I'd be remiss if I didn't mention before closing that the being kind or patient with a relative stranger or acquaintance is quite different from exercising those same qualities in the face of a regular companion. This is not the first passage in Emma that reminds me of C.S. Lewis's careful dissection of familiar relationships in The Screwtape Letters. One would think that it would be easiest to exercise patience with those whom one claims to love the most, but perversely, the converse can be true.
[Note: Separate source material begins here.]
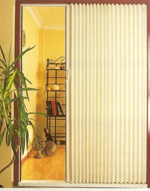 Katlanır kapılar hazır ölçüde olmayıp ölçüye ve renge göre özel olarak imal edilmektedir. Katlanır kapıların iskeleti galvanizli saç çelik tel,alüminyum ve demir profillerde oluşmaktadır. Zemininde ray yoktur. İsteğe bağlı olarak takıladabilir. |

The familiarity with the faults of others and the constancy with which one is confronted with them can have as much to do with our responses to them as the predisposition we bring to relationships to attempt patience. One could, I suppose, see a connection between the emotional energy expended by Emma being patient with her father or with the objects of charity and her inability to be patient with Miss Bates, the energy spent showing personal interest in the poor and friendless and her inability to muster any personal interest in Jane Fairfax. It might even be accurate to claim that the poor woman who is the object of Emma's better impulses is not a threat to Emma's superiority. Knightley will claim as much. He will also realize, though, that recognizing this doesn't render the charity, compassion or interest she does manage to show (to those she manages to show it to) less real or less sincere. They are as much the expressions of the real Emma as are the slights towards Jane or Miss Bates.